Saturday, 26 May 2012

A trillion tonnes to destiny.

Scientists generally agree about the fact that man made climate change is taking place, but they they don't always agree over their models on how much and how quickly, or which is the best way to limit both the risk and potential impacts.

My gut feeling is that the models are generally behind the actual, or real time rate because of the nature of data collection and processing. The political perception lags behind that and always represented as a moderated scenario, so as to gain the widest possible acceptance.

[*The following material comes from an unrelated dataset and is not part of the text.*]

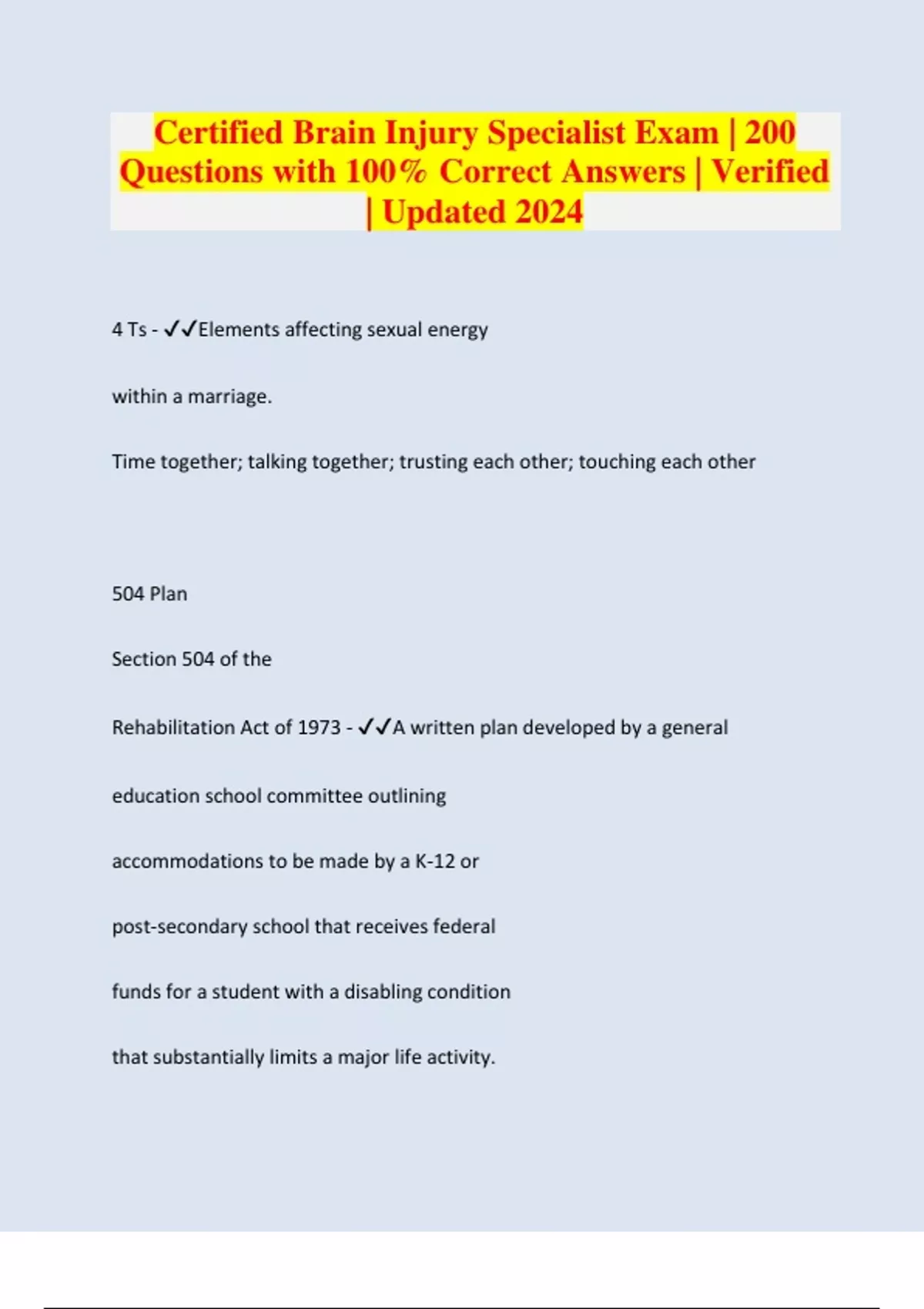 Certified Brain Injury Specialist Exam | 200 Questions with 100% Correct Answers | Verified | Updated 2024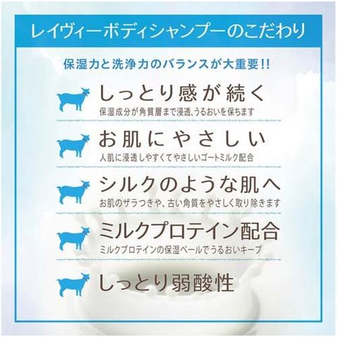 ●レイヴィーボディシャンプーシリーズの中でも人気の、ヤギ乳配合弱酸性ボディソープ。

If this is the case, then we should expect to see acceleration in the drivers for climate change as we release more of these cumulative gases into the atmosphere (biosphere).

We should be really concerned about this, because waiting around for political solutions or market solutions will most likely take too long to stave off the worst effects by keeping the change to below 2 degrees.

Some scientists are saying that we can keep on using carbon so long as we sequester an appropriate amount to offset the difference between where we are now and two degrees. Not impossible by all accounts, it would though, require a different approach; including global regulation of energy and fuel producers. We wouldn't actually notice that much difference, because taxation regimes could also be changed to reflect the costs of sequestering carbon as opposed to just raising revenue.

The weird thing about this is that all the angst over personal footprints and carbon budgets is really supporting the business as usual mode, which wont produce the required level of change and may see us all in for some serious climate change. Check the figures at this site to see the scale of what we need to do.

Personally I still think we need to feel good about doing something to reduce our impacts and being energy efficient is probably the best way. In fact reducing overall consumption may buy us valuable time, but you still can't get away from the fact that we need to move a lot of carbon from the atmosphere to back in the ground with possibly the worst economic and political model with which to do it!